Right now, I haven’t seen too many EGFR exon 20 [inhibitors] in the frontline setting, because none of the agents we have so far have response rates that are as impressive as what we’ve seen with chemoimmunotherapy. Additionally, with EGFR exon 20 mutations, like with classical EGFR mutations, brain metastases are a significant area of morbidity. However, as of now, neither amivantamab nor mobocertinib have great intracranial penetrance. Some of those hurdles [may be] limiting frontline use of EGFR exon 20–directed agents. However, I’m sure this is [an area that researchers] are working on.
Lung cancer treatment continues to change. Although I started as faculty [at Rogel Cancer Center] in 2018, what I knew about lung cancer then is not what we [know] now. One big highlight in lung cancer today is the different drivers we now have in the frontline and second-line settings, which is an impressive list, as well as the ever-growing list of available agents for each of these drivers. [We also know more about] resistance mutations and resistance in general.

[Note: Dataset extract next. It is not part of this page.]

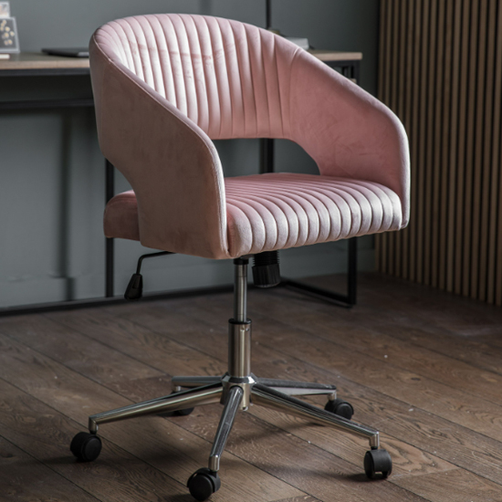 Elevate your workspace with the Furniture in Fashion Marry Velvet Swivel Home and Office Chair in Pink. Combining luxurious comfort with a sleek modern design, this chair is perfect for both home offices and professional settings. Its rich velvet upholstery adds a touch of elegance, while the ergonomic design ensures comfort and support for long hours of work or study. The Marry chair features a smooth swivel mechanism and adjustable height, making it highly versatile and functional. Its Pink velvet finish pairs seamlessly with any decor style, from contemporary to classic. Whether youre working, gaming, or simply relaxing, this chair brings style and practicality to your space. Upgrade your workspace with the Furniture in Fashion Marry Velvet Swivel Home and Office Chair in Pink. Its blend of luxury, comfort, and functionality makes it an essential addition to any office or study area. FEATURES : Material : Velvet ,Metal Finish : Pink ,Chrome Add a touch of glamour to a home office with this sophisticated swivel chair Upholstered in tactile Pink velvet which pairs beautifully with the silver base, the chair offers style, comfort and practicality The padded back and seat feature stitch detailing, whilst castors give easy manoeuvrability, plus there is tilt adjustment and gas lift seat height adjustment Soft Pink velvet adds sophistication and comfort Provides excellent support for the back and promotes good posture Effortless 360-degree rotation for flexibility and convenience Customizable seat height to suit your desk or workspace Built with high-quality materials for long-lasting use Features a strong metal base for stability and smooth mobility Perfect for home offices, professional workspaces, or study areas Available at an affordable price Images shown are for illustration purpose only DIMENSIONS : Height : 960mm Width : 565mm Depth : 560mm

Sequencing of these drugs is 1 important area of discussion. With some drivers like EGFR and ALK, immunotherapy is not effective. We don’t understand why, but we are trying to understand the role of immunotherapy for some of these other drivers.
The other big advancement in NSCLC is perioperative treatment, [including] neoadjuvant chemoimmunotherapy, adjuvant immunotherapy, and then more recently published, perioperative chemoimmunotherapy and immunotherapy. We’re trying to understand: Are these strategies equivalent? Do they offer the same benefit? What are we missing when selecting the optimal patients for these treatment strategies? Additionally, with targeted therapies [for] molecularly driven [patient] subsets, there’s much interest in looking at neoadjuvant and adjuvant approaches with TKIs, especially in the setting of a positive OS readout from the ADAURA study.

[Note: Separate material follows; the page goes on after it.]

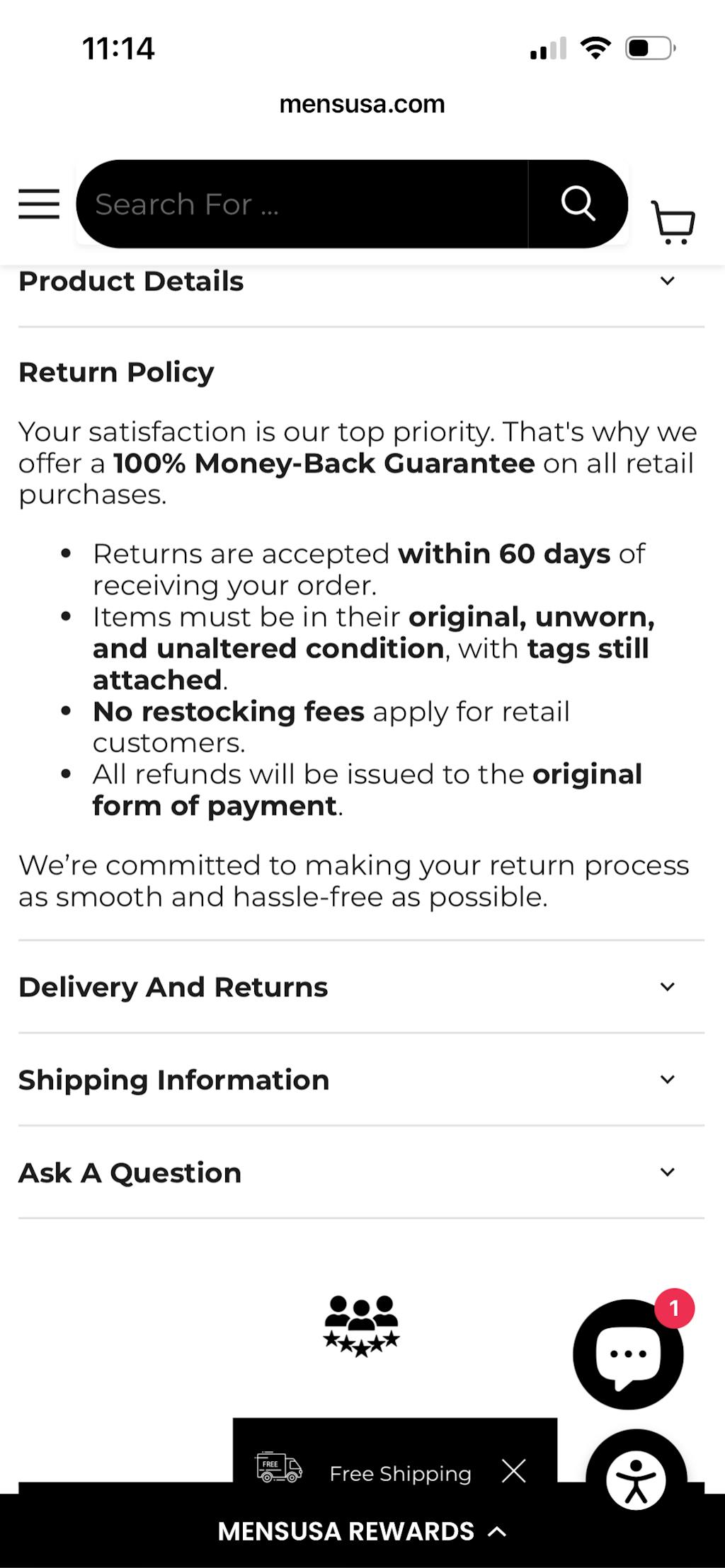 We offer a 60-day return window on eligible, unworn, and unaltered items with original tags attached, starting from the carrier-confirmed delivery date. If you received the correct item, return shipping is the customer’s responsibility, and original shipping fees are non-refundable.

Unfortunately, for SCLC, which [many clinicians] tend to forget about or maybe don’t want to think about, since the addition of frontline immunotherapy to chemotherapy, we haven’t made huge headways in extending OS. The questions that have been raised are: Should we now try to molecularly profile SCLC the same way that we do NSCLC? [Would that] allow us to better select therapies? That’s an active area of research, and it’s an area we need to stress because we’ve made much progress in NSCLC, but SCLC is lagging.
For patients with all stages of resectable lung cancer, or lung cancer in general at this point, especially adenocarcinoma and even squamous cell carcinoma, NGS and PD-L1 testing are warranted. Immunotherapy does not work well for EGFR-positive NSCLC. If I were to find patients with [EGFR-positive disease], I would highly consider them for the [phase 3] NeoADAURA trial [NCT04351555], which is investigating neoadjuvant osimertinib [with or without chemotherapy vs chemotherapy alone]. I would not recommend that they receive neoadjuvant chemotherapy plus nivolumab [Opdivo], [which is] the [phase 3] Checkmate 816 [trial regimen (NCT02998528)].
Additionally, with adjuvant studies, we certainly would not recommend patients receive adjuvant immunotherapy if they have EGFR, ALK, or maybe other driver mutations. Instead, they should either consider a clinical trial or [the ADAURA regimen if they have a classical EGFR mutation].
Disclosures: Dr Qin reports institutional research funding from Merck, Clovis, AstraZeneca, Genentech, and Xencor; and advisory board participation with Amgen.